The HR manager (he isn't given a name; he's played by TV actor Mark Ivanir) is struggling with his marriage and has returned to work at a major bakery after a sabbatical. He becomes the point man for the company (owned by the "Widow" (Gila Almagor)) in a PR crisis after an employee's body lingers at the morgue a week after the terrorist attack. It turns out that the employee had been quietly dismissed by a lower-level supervisor, but the company still could get raked over in the press for such callous treatment of a worker. (What a quaint idea.) It turns out that the supervisor had fallen in love with her, dismissed her a month earlier to save his marriage, but kept her on the payroll for a while. So, the Widow tells the HR manager to act as an ambassador and accompany the body of Yulia back to her homeland, with a reporter (Guri Alfi) tagging along for the scoop.

A classic road trip and hero's journey ensue. The HR manager and the casket are greeted by the loopy Israeli consul and her husband, and immediately he has to bribe the locals just to get the body on a vehicle out of the airport. Yulia's husband turns out to be her ex-husband, so he can't sign a burial certificate. He helps them track down their son (an engaging Noah Silver), who is living wild on the streets. The Boy insists that they take his mother's body to her hometown and her mother. The 100-kilometer trip through a snowstorm is filled with folly.

When they finally arrive, the Mother's response is heartbreaking. The journey continues.

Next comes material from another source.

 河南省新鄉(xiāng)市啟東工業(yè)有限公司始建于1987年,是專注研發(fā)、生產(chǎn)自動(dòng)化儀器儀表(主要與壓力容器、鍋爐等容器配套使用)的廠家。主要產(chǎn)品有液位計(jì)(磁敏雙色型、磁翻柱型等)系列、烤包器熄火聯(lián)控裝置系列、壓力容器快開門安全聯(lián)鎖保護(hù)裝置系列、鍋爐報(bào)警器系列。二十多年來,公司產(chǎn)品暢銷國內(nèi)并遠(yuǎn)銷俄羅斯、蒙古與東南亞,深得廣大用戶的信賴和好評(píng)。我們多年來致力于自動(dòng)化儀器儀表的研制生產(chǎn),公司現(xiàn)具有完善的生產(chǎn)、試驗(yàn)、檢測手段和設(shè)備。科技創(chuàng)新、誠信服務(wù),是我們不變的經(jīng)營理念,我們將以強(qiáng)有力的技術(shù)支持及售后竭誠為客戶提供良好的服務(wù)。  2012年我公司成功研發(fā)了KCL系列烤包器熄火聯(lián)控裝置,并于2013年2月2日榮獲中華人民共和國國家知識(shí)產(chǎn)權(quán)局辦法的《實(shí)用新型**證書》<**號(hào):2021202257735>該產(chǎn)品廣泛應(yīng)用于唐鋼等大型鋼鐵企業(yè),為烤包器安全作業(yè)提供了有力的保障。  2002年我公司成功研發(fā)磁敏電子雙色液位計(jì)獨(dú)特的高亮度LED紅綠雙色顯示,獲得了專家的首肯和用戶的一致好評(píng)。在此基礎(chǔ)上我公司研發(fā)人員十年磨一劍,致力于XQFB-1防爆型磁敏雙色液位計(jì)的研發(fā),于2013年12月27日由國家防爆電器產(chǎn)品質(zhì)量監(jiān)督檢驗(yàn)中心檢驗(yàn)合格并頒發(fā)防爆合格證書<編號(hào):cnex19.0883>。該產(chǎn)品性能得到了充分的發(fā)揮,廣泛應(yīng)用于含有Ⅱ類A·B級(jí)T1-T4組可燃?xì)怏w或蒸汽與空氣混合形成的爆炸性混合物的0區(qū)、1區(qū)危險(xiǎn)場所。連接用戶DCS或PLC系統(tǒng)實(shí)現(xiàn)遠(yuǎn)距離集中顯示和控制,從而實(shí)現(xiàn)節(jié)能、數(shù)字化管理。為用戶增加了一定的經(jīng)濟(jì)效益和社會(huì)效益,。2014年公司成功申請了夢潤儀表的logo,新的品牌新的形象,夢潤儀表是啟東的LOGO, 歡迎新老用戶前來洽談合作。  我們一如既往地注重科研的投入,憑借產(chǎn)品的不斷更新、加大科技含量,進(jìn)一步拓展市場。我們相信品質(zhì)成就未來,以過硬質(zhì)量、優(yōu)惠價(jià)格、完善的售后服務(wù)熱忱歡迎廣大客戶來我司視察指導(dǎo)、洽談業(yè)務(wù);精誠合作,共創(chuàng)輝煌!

Riklis (working from a script by Noah Stollman, based on a novel by Abraham Jehoshua), like in his previous efforts, strikes a balance between humor and drama, mainly by finding the basic civility in each of the finely etched characters. Slapstick blends well with pathos. This is a moving human story.

MASCULIN FEMININ (1966) (B) -  Merely above-average Godard from his '60s peak era.

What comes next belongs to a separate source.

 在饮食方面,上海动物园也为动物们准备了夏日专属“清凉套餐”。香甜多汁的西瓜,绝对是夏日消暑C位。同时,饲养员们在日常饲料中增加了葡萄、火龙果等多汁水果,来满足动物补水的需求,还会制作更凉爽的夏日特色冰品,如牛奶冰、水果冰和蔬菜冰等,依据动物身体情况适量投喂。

We follow sensitive writer/agitator Paul (Godard regular Jean-Pierre Leaud) as he courts an aspiring pop singer Madeleine (Chantal Goya, sporting a proto-Parker Posey smile). Godard, shooting in grainy black and white, created a near-documentary chronicling the bubbling anti-war movement in Paris in late 1965 and early 1966. We are immersed in the real events of the middle of the decade, with preppy young adults, still Kennedy cute, awakening to the horrors of American's actions in Vietnam. Godard is announcing the arrival of youth power as the Baby Boomers progressed into their 20s. An interstitial title card announces, "This film could be called The Children of Marx and Coca-Cola."

"Masculin Feminin" reminded me of "David Holzman's Diary," shot a year later in New York by Jim McBride, who placed his romantic characters into real settings throughout the city, absorbing its authentic sights and sounds as background material. That American masterpiece compares favorably with this offering from the godfather of the French New Wave. Godard uses natural lighting and dialogue that seems partly improvised (or written on the fly).

Here, Paul and Madeleine date rather chastely while pontificating about love and sex. Paul messes around with a couple of others in Madeleine's circle. Long scenes unfold in cinema verite style, as the characters drone on in conversation. Often one subject is out of frame -- usually Paul as he interrogates the women individually to various degrees. Godard was feeling his way through the early days of the sexual revolution, as his female characters occasionally find a feminist voice. That probably was revolutionary at the time.